The MacArthur Foundation described Song's early work as studying the interactions among software, hardware, and networks that make systems vulnerable to remote attack or interference. UC Berkeley's 2020 ACM SIGSAC award announcement cited her contributions to systems and software security, especially dynamic taint analysis for vulnerability discovery and malware detection, and pointed to the BitBlaze binary analysis infrastructure as an example of that research line.

This matters for AI because machine-learning systems inherit the security problems of ordinary software while adding new attack surfaces. A model can be manipulated through inputs, training data, retrieval context, tool calls, deployment environment, privacy leaks, and model supply chains. Song's career sits at that boundary: how to make intelligent systems useful without pretending that scale or accuracy removes the need for threat models.

Adversarial Machine Learning

Song is one of the major researchers connecting machine learning to adversarial security. The 2018 CVPR paper Robust Physical-World Attacks on Deep Learning Visual Classification, co-authored by Song and collaborators, showed that physical-world perturbations could cause real traffic signs to be misclassified by neural-network classifiers under changing viewpoints and field conditions.

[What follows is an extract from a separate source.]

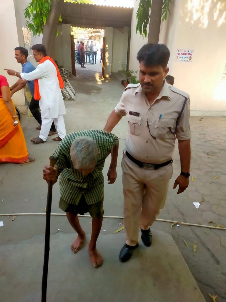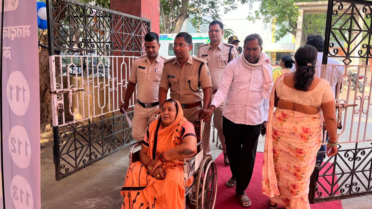 वरिष्ठ नागरिकों और अशक्तों को मतदान में पुलिस जवानों ने की मदद, एडिशनल एसपी ने सीनियर सिटीजन को व्हील चेयर पर बिठाकर पहुंचाया बूथ तक….

The point was not only that a stop-sign classifier could be fooled. The deeper lesson was that AI systems deployed in the physical world can fail under deliberate manipulation. Safety-critical AI cannot be evaluated only by clean test-set accuracy. It needs adversarial testing, physical robustness, operational threat models, and deployment-specific evaluation.

Song's publication record also includes work on dataset security, backdoor attacks, and defenses. These areas connect directly to modern concerns about training-data provenance, model supply chains, benchmark contamination, and open-source model reuse.

Agentic AI Security

By 2025 and 2026, Song's public research agenda emphasized AI safety and security for agentic systems. Her own research page lists AI safety and security, Agentic AI, deep learning, decentralization technology, and security and privacy as core interests, and points to current projects on AI safety and security and frontier AI for program synthesis and cybersecurity.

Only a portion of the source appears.